The decision to open-source a piece of internal software can always be daunting. You’ve weighed the pros and cons, you’ve gathered support from all the stakeholders and you’ve got the green light to open-source that project you really believe would benefit from the flourishing open-source ecosystem and community.
The only thing that’s left to do is to put it up on a public platform and you’re done, right? Maybe, but we should go through some final checks.
On this post we’ll be focusing on a few essentials that should be done before making your project open-source:
- Scan your repository for secrets
- Replace internal names and emails with public ones
- Write your contribution guidelines (CONTRIBUTING.md)
- Write a bug report template and a pull request template
- Choose your License (LICENSE.md)
- Write your security policy (SECURITY.md)
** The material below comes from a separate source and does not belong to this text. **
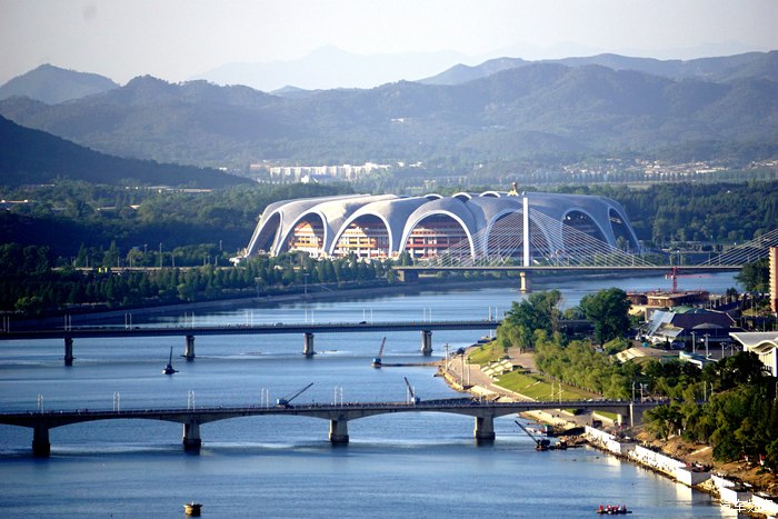 坐落于大同江中心绫罗岛的五一体育场,是2008年北京奥运火炬传递经过的第一个大型体育设施。这座造型犹如一个巨型降落伞的体育场,是朝鲜上演10万人参加的团体操和艺术表演《阿里郎》的场所,能够容纳15万名观众,堪称世界之最。

- Write your project’s introduction (README.md)
Scan your repository for secrets
One of the first things you should do before making your repository public is to verify there are no secrets in your git history.
It is always important to remember with git that it is not just the current version of your project you are making public. You are making every change and iteration ever made public too.
Even in internal repositories, secrets should not be stored.
The idea of an internal repository being private and behind authentication lures you into a false sense of security. In case of a breach of credentials belonging to anyone with read access to the repository, a repository with secrets then compromises more internal perimeter and generally more sensitive areas of the perimeter (Check out our video on the UN’s data breach for more information on this type of deeper infiltration)
If you are using GitGuardian’s Internal Monitoring you can easily scan your entire repository’s history on demand.
But maybe this repository is not on a platform monitored by GitGuardian or you want to scan a local branch with some git history rewrites before you push it. For that, you can use GitGuardian Shield, which allows you to scan various types of data on demand using GitGuardian’s public API.
A secret may be deeply nested in the history of the repository, you can follow our cheatsheet on removing secrets from git history.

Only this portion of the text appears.